姉のことだ。センターよりに構えてるけど、ワイドに打っても追いつかれる。なら狙いは……
「はっ!」
「むっ」
ルーズボールが帰って来る。それをボレーで叩き込む。
「15ー0だぜ。姉さん」
「むう〜。いきなりボディ狙い?やることせこいわよ」
「ラリーもやらずいきなり高速サーブ打ってきたあんたが言えることか」
「ま、不意打ちは一度しか効かないことをその全身に刻んであげるわ」
姉さんは今度はセンターとコーナーの中央に立つ。基本的な立ち位置だ。人によってやりやすい位置はあるだろうけど。
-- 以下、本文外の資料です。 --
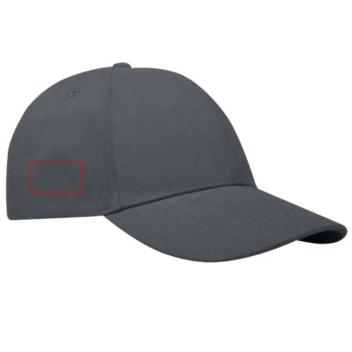Sustainable promotional headwear. Pre-curved visor. Embroidered eyelets for ventilation. Tri-glide metal buckle closure. Head circumference: 58 cm.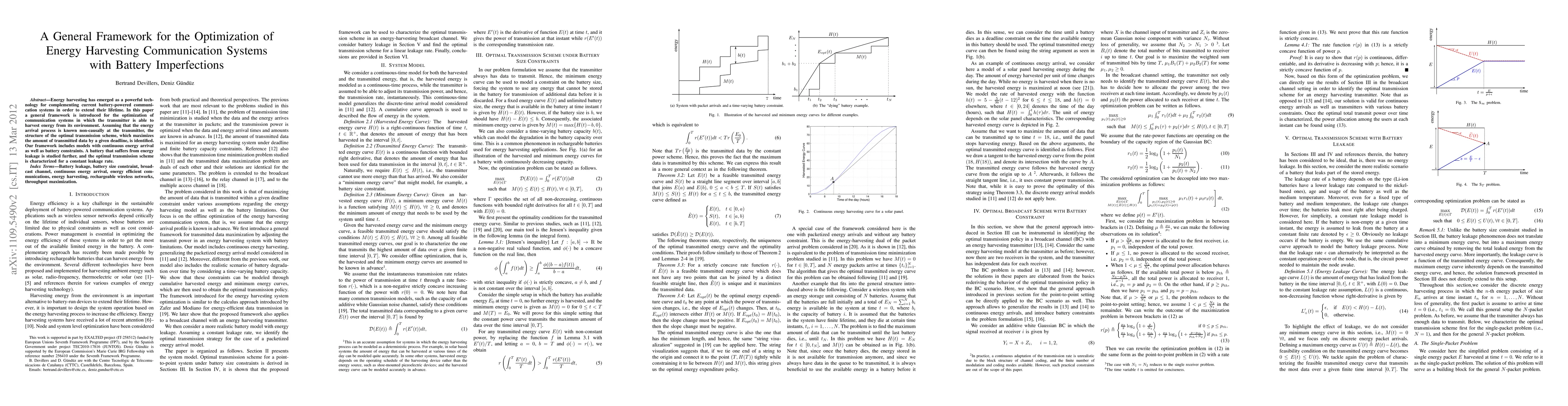 This paper presents a general framework optimizing energy-harvesting communication systems, considering battery imperfections. It identifies the optimal transmission scheme maximizing data transmission by a deadline, accommodating continuous energy arrival and battery constraints. The study also examines a battery with constant energy leakage, characterizing the optimal transmission scheme under such conditions.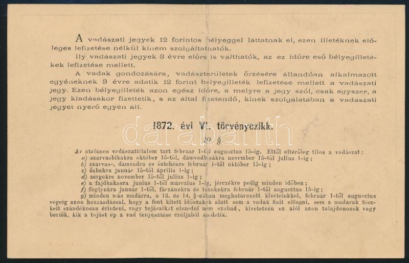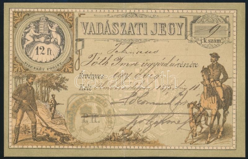 1875 Hódmezővásárhely 9. számú vadászati jegy 12Ft / 12Ft Litho hunter... https://www.darabanth.com/de/28-Gross-Auktion/28.1/Andere-Sammelgebiete/Dokument~11180/1875-Hodmezovasarhely-9-szamu-vadaszati-jegy-12Ft-12Ft-Litho-hunters-licence-Nr-9-koz~II1679879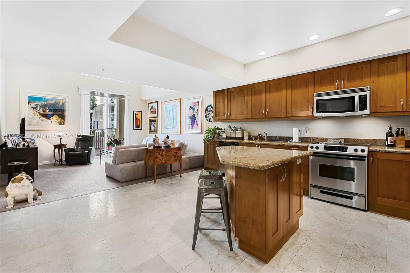 Rare opportunity! Incredible 2-story TOWNHOUSE/condo with large gated patio by the pool. Spacious 2/2.5 w/ 1 bedroom on ground floor and master bedroom upstairs with open balcony overlooking pool area. Dramatic 20 ft. vaulted ceilings throughout open living area. Incredible natural light from floor to ceiling impact windows. Open kitchen with granite countertops, SS appliances and wood cabinetry. Washer/Dryer inside. Amenities include 24 hr. security, tennis, spa, fitness center, jogging path, heated pool, billiard room . Convenient location walking distance to Starbucks, Supermarkets & Restaurants. Assoc fee includes cable/internet. Investors can rent right away. TENANT OCCUPIED UNTIL JANUARY 21, 2023 PAYING $2,775. Lease must be assumed.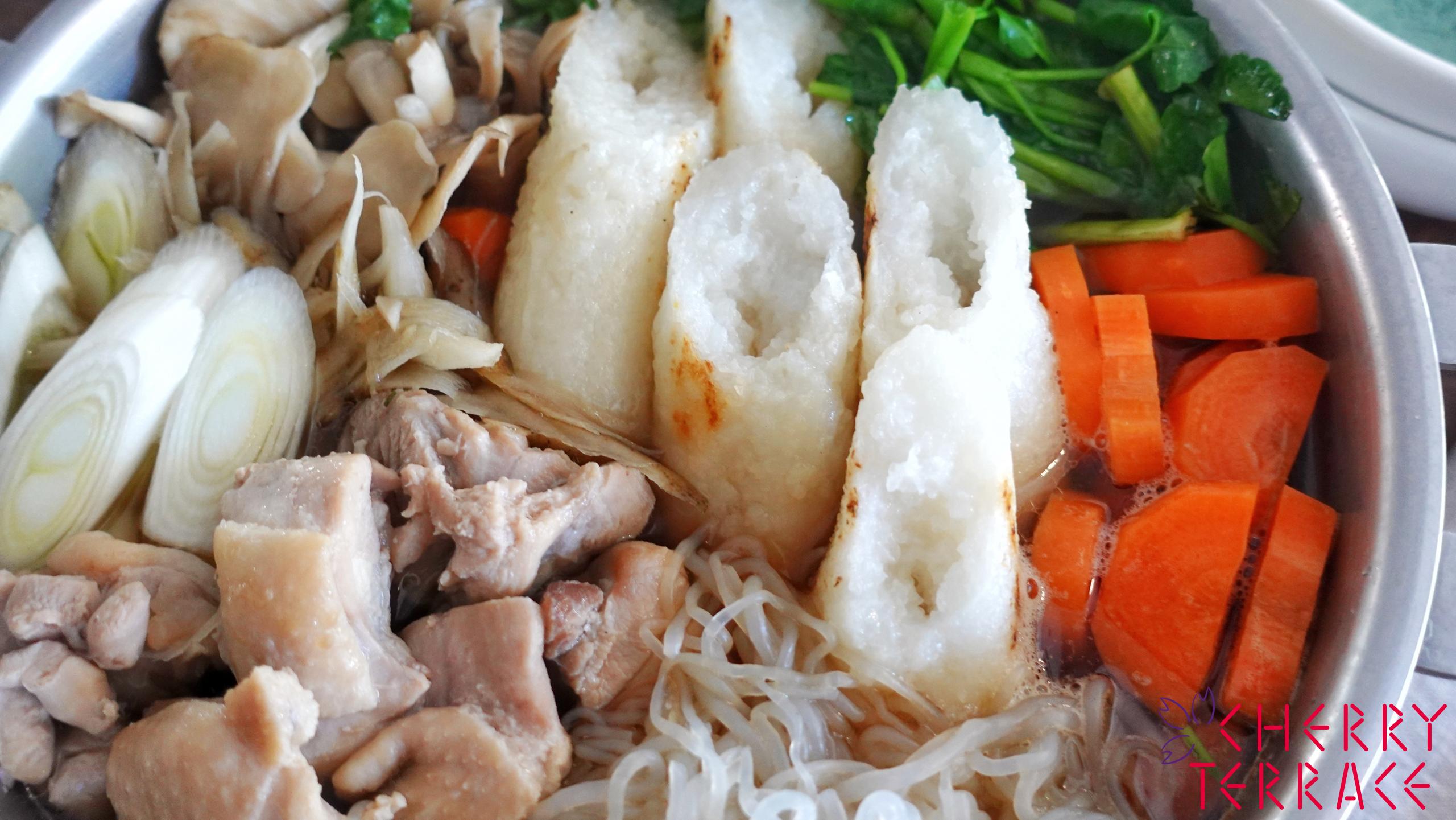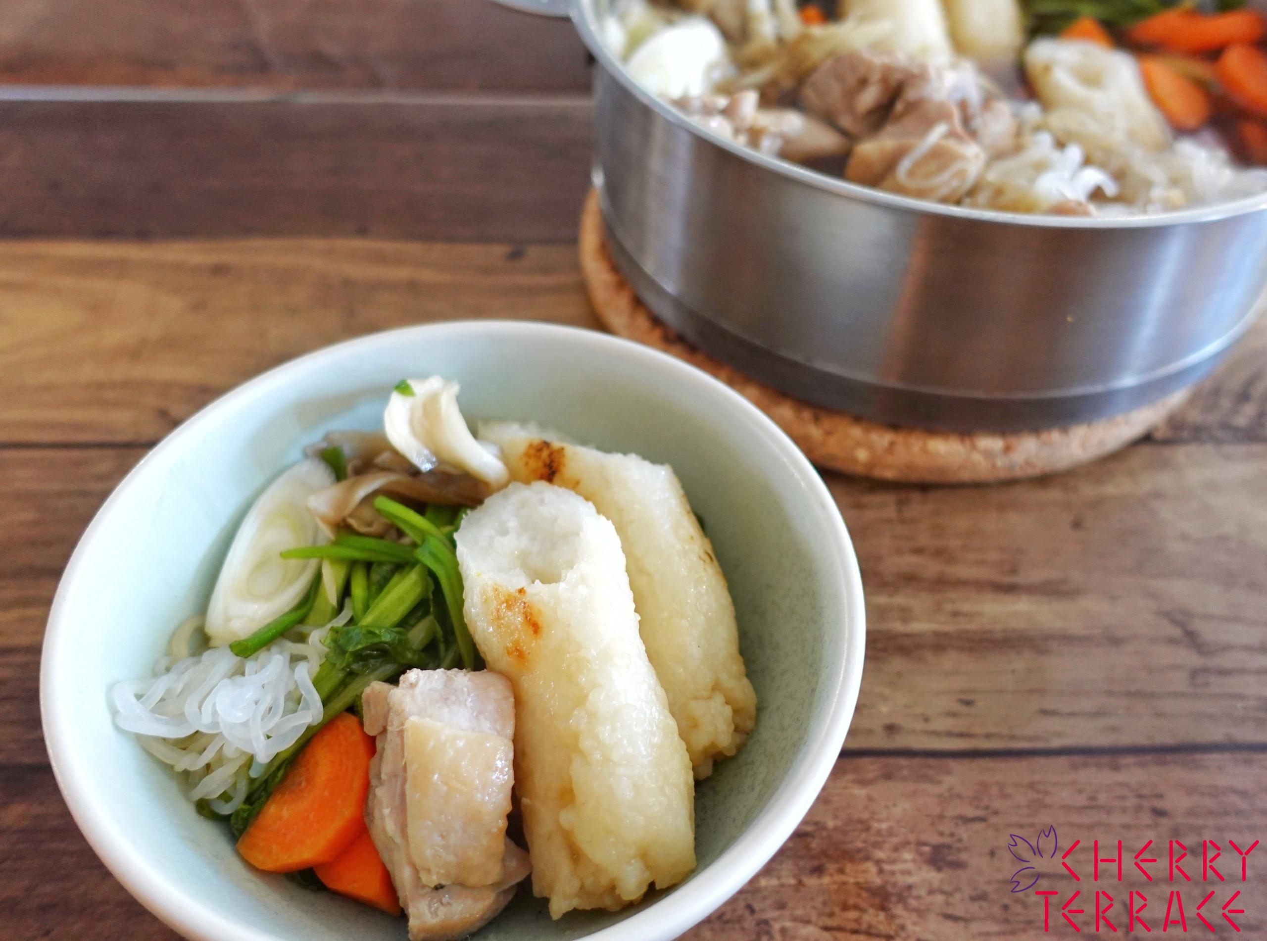 - クリステル浅鍋20cmにスープの材料を入れ。一度沸騰させる。鶏肉、にんじんを加え、火を通す。残りの材料ときりたんぽを加える。

こっちだって、負ける勝負はしない。もう一度、サーブを打つ。
ーーーーーーーーーーーーー
「さて、私の勝ち。何か言うことはあるかな?」
「ちくしょう。全国ベスト8相手にも4セットは取ったんだけどな」
結果は1ー6。この姉には何をやっても敵わない気がする。
「全国ベスト8?」
「さっき見せたろ。豊山さんだよ。中学の時全国ベスト8なんだ。その大会は向日葵に勝って出てんだ」
「へえ。そんな強い子もいるんだ。ひまも結構強いと思うけどね。まあ、私には敵わんかな」
自分を過大評価する、我が姉。現役選手より強い自信があんのかよ。アメリカでなにやって生活してんのかが謎だ。聞いてみるか。
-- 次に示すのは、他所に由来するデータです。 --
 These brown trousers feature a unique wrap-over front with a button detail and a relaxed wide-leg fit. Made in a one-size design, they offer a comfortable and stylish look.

「姉さん、アメリカでなにやってんだよ。まさか、本当に石油王探してるわけでもあるまいに」
「まあ、経済を一応専攻してるわよ。ひまのためにスポーツ関連勉強しようと思ったけど、ハーバードなかったのよね」
「じゃあ、あの人は一体なんなんだ」
「スティーブン?さあ、どこの学校の人だったかしら」
知らんのかい。適当に頼むんじゃないよ。東京にアニメ観光で去って行ったけど。
「ひな、ひまが何をしたいか知ってる?」
「さあ?でも、向日葵がテニスを続けたいって言うならサポートするし、全然別のことやりたいって言ってもぼくは止めないよ」
「ま、あの子もまだ中学生だし、あんた同様ゆっくり考えてもらえばいいか。私みたいにほっつき歩かないように、あんたがちゃんと見ててやりなさいよ。私は当分戻れないし、あんたが一番近いんだから」
「分かってるよ……」
「今はひまのことより先にやることがあるわね」
「ああ」
今度こそ、あの地へ。
姉と連れ立って、歩き出す。
「そだ。せっかくだし、罰ゲーム」
「なにが、せっかくなんだよ」
「まあまあ。特に害はないし、今日いっぱいだけでいいから」
「……とりあえず言ってみなよ」
「私のことをお姉ちゃんと呼びなさい」
「分かったよ、お姉ちゃん」
「む〜。あっさりしすぎてなにも面白くない。ひな、あんたいつからそんなに面白くない人間になっちゃったの?もっと恥ずかしがってくれると思ったのに」
「恥ずかしがってたら、それこそ思うつぼだからな」
それにぼくの中の何かが減る気がする。
「先に、昼食べてからにする?」
「そうね。さすがに少しお腹空いたわ」
「じゃあ、さっさと行こうお姉ちゃん」
「なんか、ものすごく違和感〜」
だったらなぜ提案したんだ。
まあ、害のない罰ゲームなんてこんなもんだ。下手に恥ずかしがるから、向こうが喜ぶことになる。だから、あえて淡々と言うことで逆に向こうにダメージを与えることができる……かもしれない。
確証はないので、絶対じゃないぞ。
いつか、向日葵もぼくたちのことをお兄ちゃん、お姉ちゃんと呼ばなくなる時が来るのかなと考えながら、テニスコートを後にした。